Пугачев не очень-то надеялся на «близких» своих в Москве и отвечал людям с хитринкою:

– Время, время, детушки, не приспело еще мне! Яблочко созреет, само упадет... Вот втапоры и царь-колокол подымем, и из царь-пушки пальнем по супротивнице моей Катьке... Расходитесь, молодцы, с Богом по местам. Сам ведаю, когда нам милостью Божией на Москву идти.

Глава VII
На берегах реки Камы
1

Оса стояла в трех верстах от Камы на главном Казанском тракте. С падением Осы мятежникам открывался свободный путь на Казань. Узнав, что к Осе приближаются толпы пугачевцев, казанский губернатор фон Брант забил тревогу.

В распоряжении губернатора военной силы было слишком мало. Он послал гонца в Сарапуль с приказом находившемуся там майору Скрипицыну немедля выступить со своим отрядом на выручку Осы.

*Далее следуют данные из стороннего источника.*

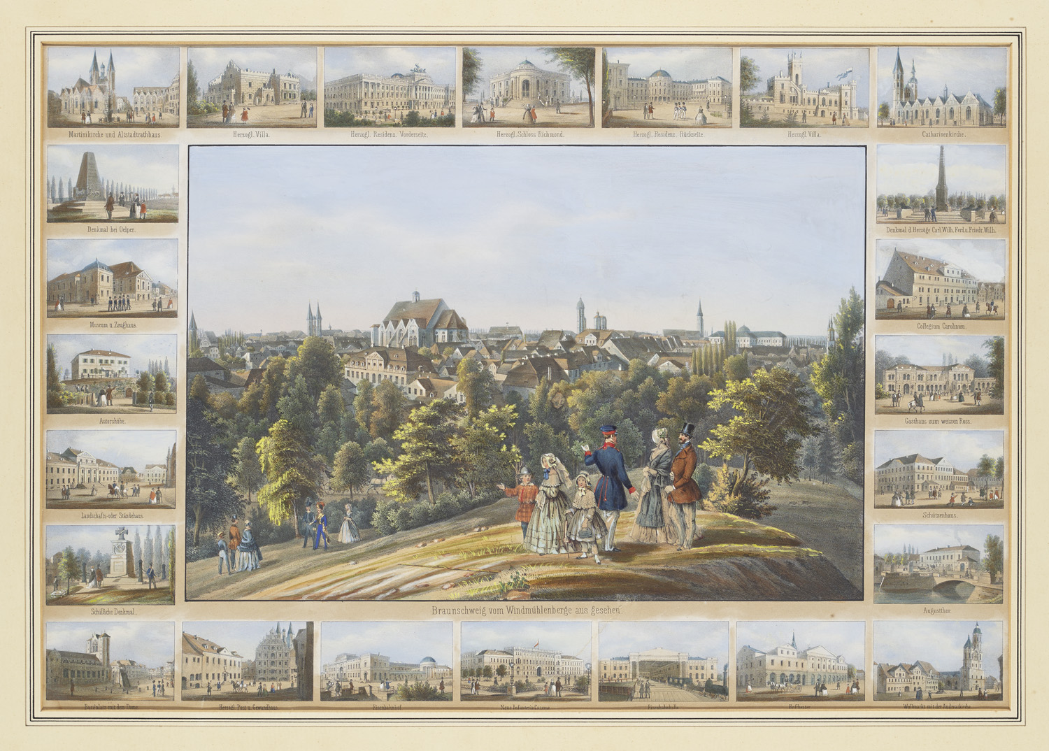 Erinnerung an Braunschweig. Braunschweig vom Windmühlenberge aus gesehen. Kolorierte Lithographie mit 24 Randansichten. (Nach der Natur gezeichnet von Gustav Taubert. Braunschweig, Ramdohr, 1847.) 37,5 x 53,5 cm. Unter Passepartout montiert.
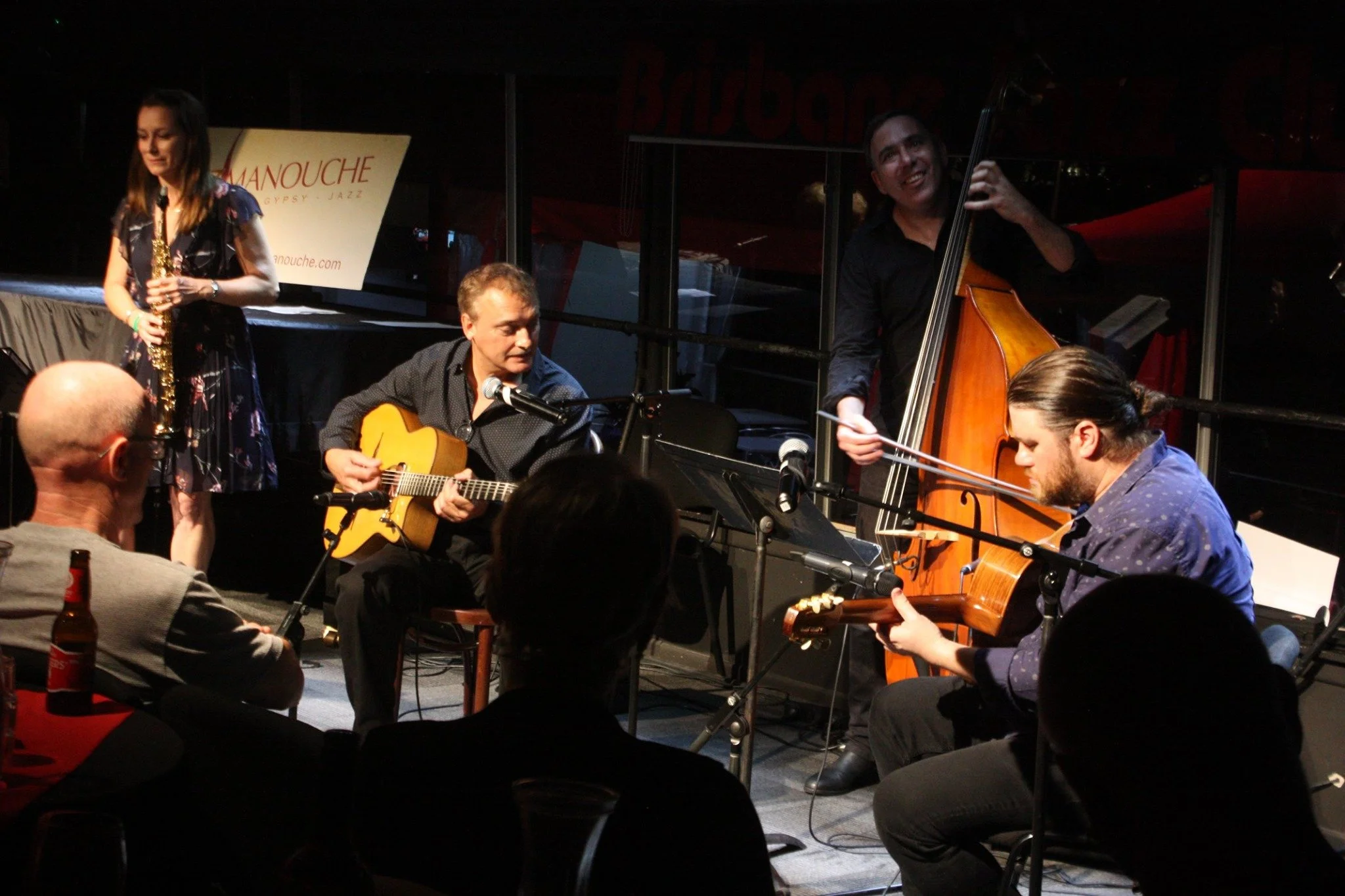 Trending with today’s thriving European jazz manouche scene, OzManouche captures the hearts of young and old with its spontaneity and spark. Flavours of music from the cobbled streets of Paris and rural France fill Brisbane Jazz Club. The energy of manouche jazz pulses through fingers on guitars, violin bows and on to a knee-slapping audience.
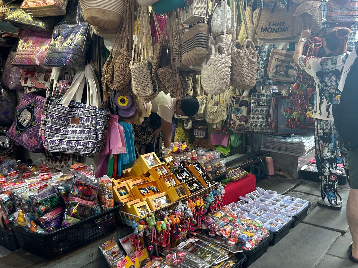 水上マーケット:ボードに乗って買い物するなら一人当たり200バーツ追加で支払いました。買い物はすごく楽しかったですが、割高なので注意、のちに行くメークロン市場のほうが安いです。地上にお店もありそちらでも買い物できました。
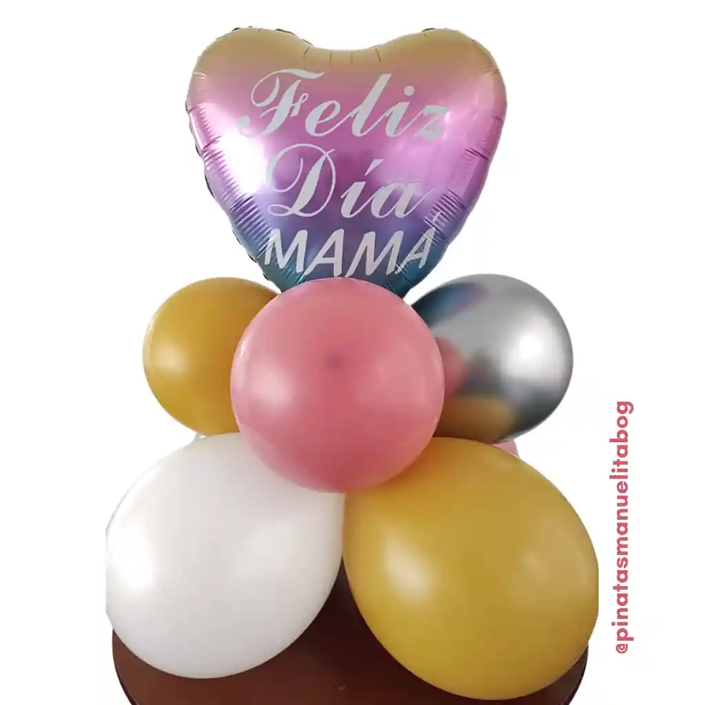 Base de globos inflados con aire en paleta de color durazno y palo de rosa + globo metalizado en forma de corazón con detalle de feliz día mamá, tiene un tamaño de 70 cm de alto. Tiene una duración de 3 días aprox. Dia de la madre, la mejor mamá, best mom, happy mother´s day.
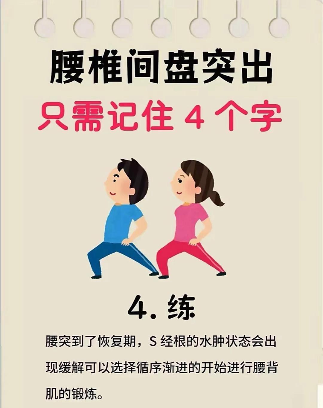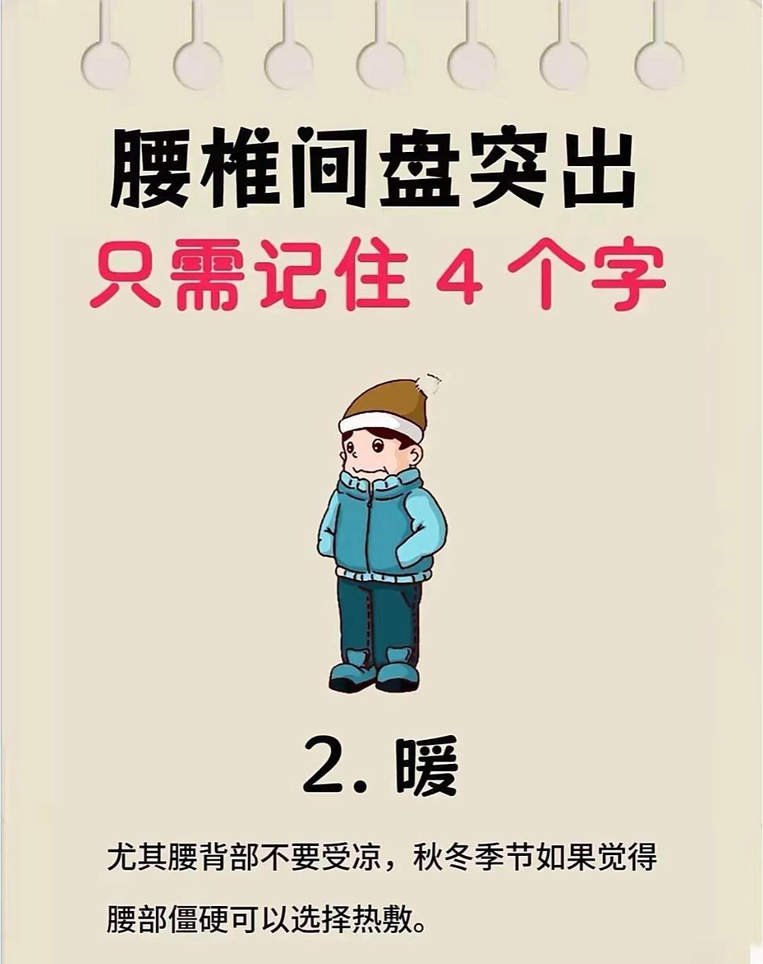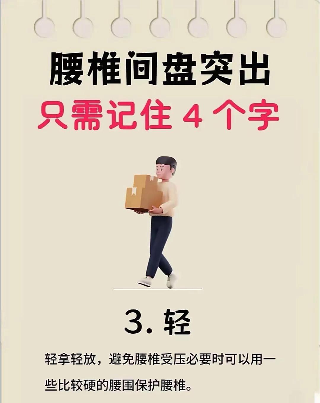 腰椎间盘突出是常见的脊柱退行性问题,无需过度焦虑,遵循“躺、暖、轻、练”四字法则做好日常护理,可有效改善不适,这一方法贴合《腰椎间盘突出症诊疗指南》中的康复护理方向。 “躺”是症状急性期的关键护理要点。发作期可卧床休息1-2天,选择软硬适中的床垫,让腰椎保持自然生理曲度,降低椎间盘承受的负荷。需注意避免长时间卧床不动,每日定时翻身活动,防止腰背肌肉力量减弱。 “暖”能帮助舒缓腰背肌肉紧张。腰部受凉易导致局部血液循环不畅,加重不适症状。日常要做好腰部保暖,避免冷风直吹,急性期可用温毛巾热敷腰部,每次15至20分钟,助力放松肌肉、缓解不适感。 “轻”是日常防护的核心原则。避免弯腰搬重物、久坐久站等伤腰行为,搬取物品时用腿部发力替代腰部,久坐每40分钟起身活动片刻。若需用护腰辅助,不宜长期佩戴,以免形成依赖、削弱腰肌力量。 “练”需循序渐进、量力而行。恢复期可在专业康复人员指导下,开展五点支撑、小燕飞等核心肌群训练,增强腰背肌对腰椎的支撑力。切勿盲目拉伸或进行高强度运动,避免加重腰部负担。 若不适症状持续加重,需及时就医做进一步评估调理。
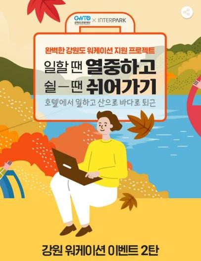 강원도관광재단은 인터파크 투어와 함께 지역관광 활성화 및 재택근무 트렌드에 맞춰 주중, 장기 관광객 유치를 위한 ‘강원도 워케이션 시즌2’를 12일 오픈한다고 밝혔다.
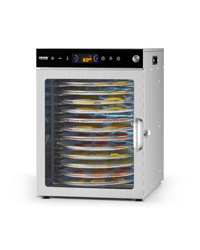 VEVOR Déshydrateur alimentaire rotatif, 12 plateaux en acier inox, séchoir électrique aliments 800 W, température réglable, minuterie 24 h, pour viande, fruits, légumes, herbes, friandises pour chiens
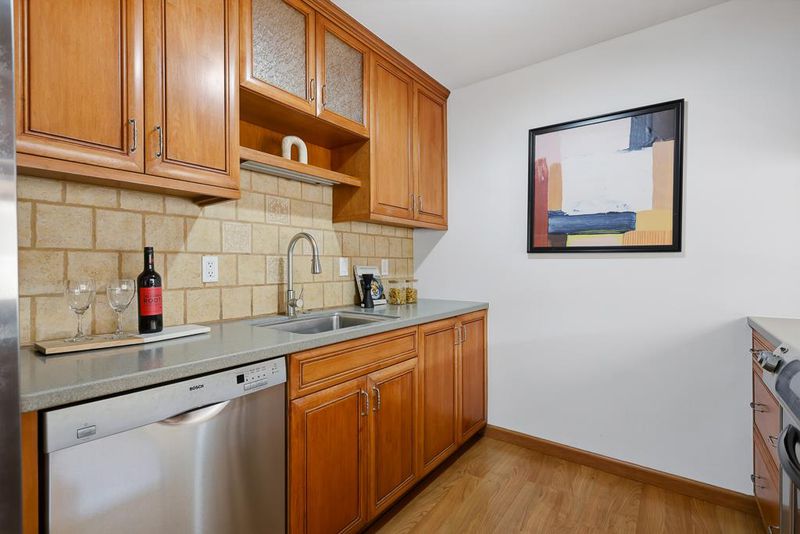 - 220 Volt Outlet, Countertop - Solid Surface / Corian, Dishwasher, Garbage Disposal, Hood Over Range, Oven Range - Electric, Warming Drawer, Refrigerator
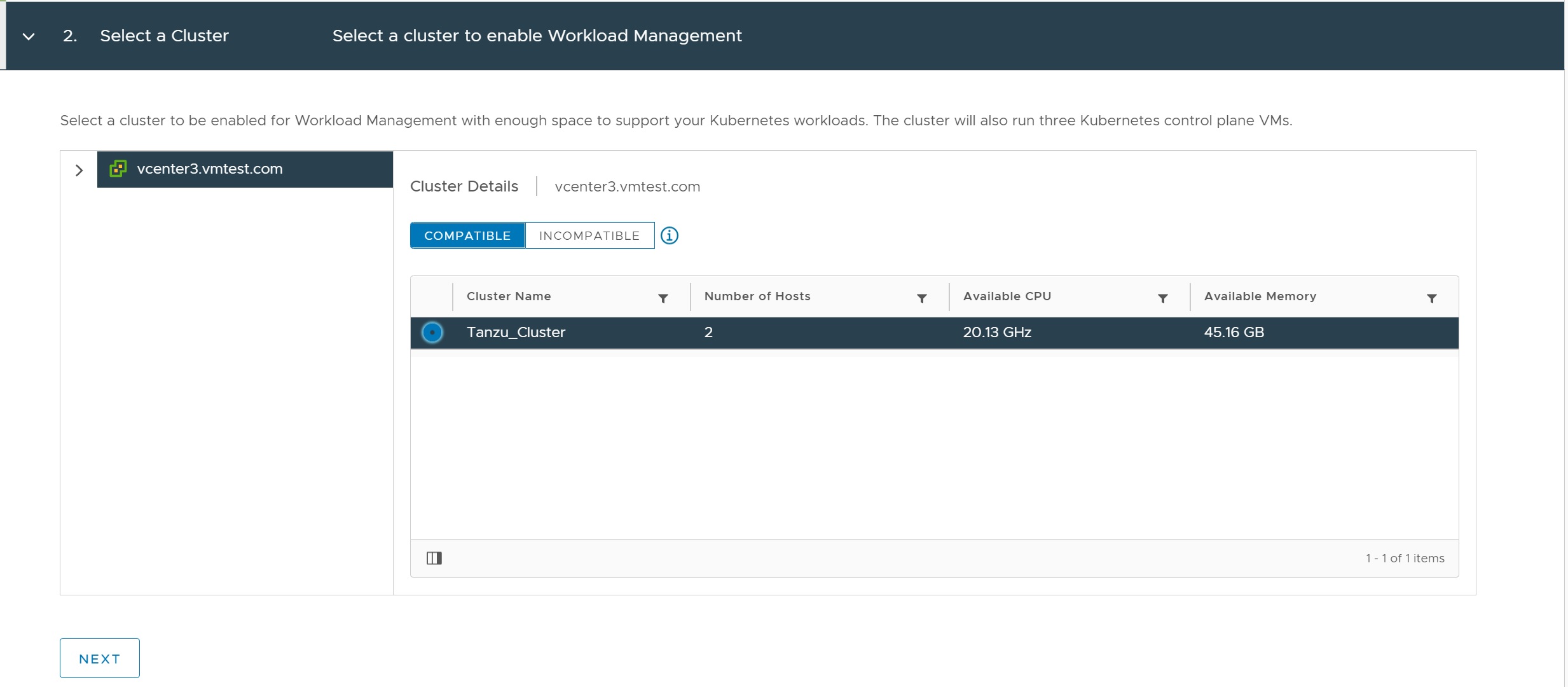 Next we select the cluster (compute resource) that we want the kuberneters cluster to be created in

По дороге Скрипицын присоединил к себе отряд капитана Смирнова, а также воинскую команду Рождественского завода; всего скопилось двести солдат и сто вооруженных крестьян. С этой горсткой бойцов Скрипицын 18 июня пробился без потерь в крепость. Всего защитников Осы было тысяча человек, при тринадцати пушках.

Едва успел майор Скрипицын осмотреться и принять общее командование, как к пригороду подступил сам Пугачев. Он расположился станом в трех верстах от Осы и послал в крепость приказ: «Сдавайтесь на милость». Ответа он не получил и велел расседлывать коней, идти на штурм.

Пригород Осы имел тесную крепостцу: вал, деревянные стены с башнями, за стенами жались друг к другу Успенская церковь, канцелярия, воеводский дом и склады.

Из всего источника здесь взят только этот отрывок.